Thanks for the feedback Shannon. These details are very helpful. I'm leaning more towards the 41mm. Now it's a race to see who gets one first!!!!


----------



## ARS

I had also bought one on on black Friday--after much saving and debate--and they just sent me an email saying that they cancelled the order because the item is no longer available. Meaning that they falsely advertised their inventory and oversold the watch. Very sad that I won't be joining the ranks.


----------



## whywhysee

Spring-Diver said:


> Finally got to try one on.... love it
> 
> Now I have to decide which Aquadive to flip???
> 
> Cheers
> Shannon
> 
> Sent from my iPhone using Tapatalk


Looks great! Clean dial, chunky build.
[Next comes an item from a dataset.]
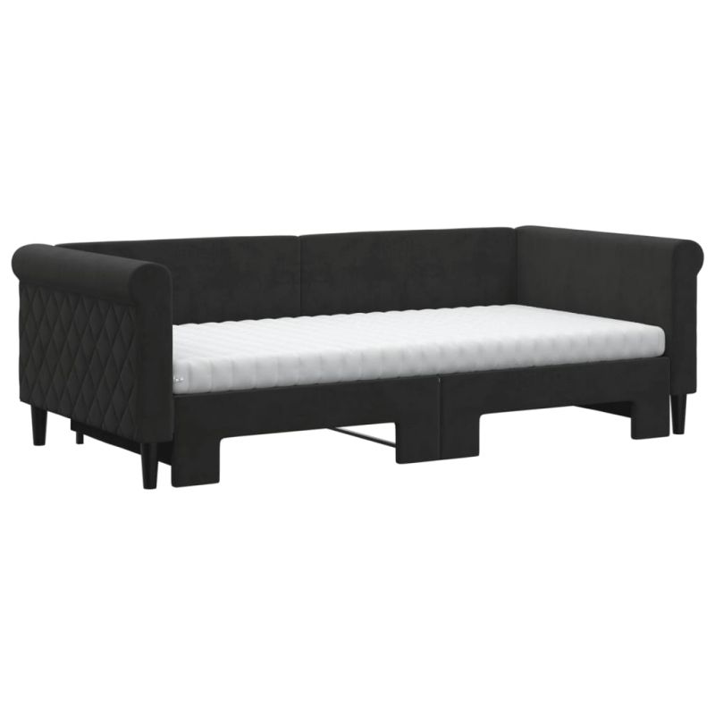 Канапе с изтеглящо легло и матраци черно 90x190 см кадифе
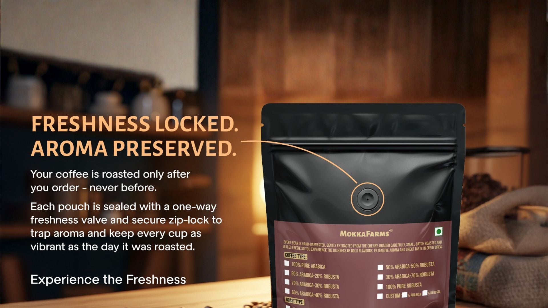 MokkaFarms Coffee is known for its high-quality beans personally selected from estates in the Western Ghats of Karnataka, India, including Coorg and Chikmagalur.

Looks like a good compliment to your Darth in the background.

Can't wait for mine to arrive - plan on putting it into heavy rotation with my 300m Tuna.

How did the ProPilot feel on the wrist compared to your Darth?

Sent from my LG-H831 using Tapatalk


----------



## Spring-Diver

whywhysee said:


> Looks great! Clean dial, chunky build. Looks like a good compliment to your Darth in the background.
> 
> Can't wait for mine to arrive - plan on putting it into heavy rotation with my 300m Tuna.
> 
> How did the ProPilot feel on the wrist compared to your Darth?
> 
> Sent from my LG-H831 using Tapatalk


Congrats!! Your going to love it ? 
It felt great! Good eye on the Darth too:-!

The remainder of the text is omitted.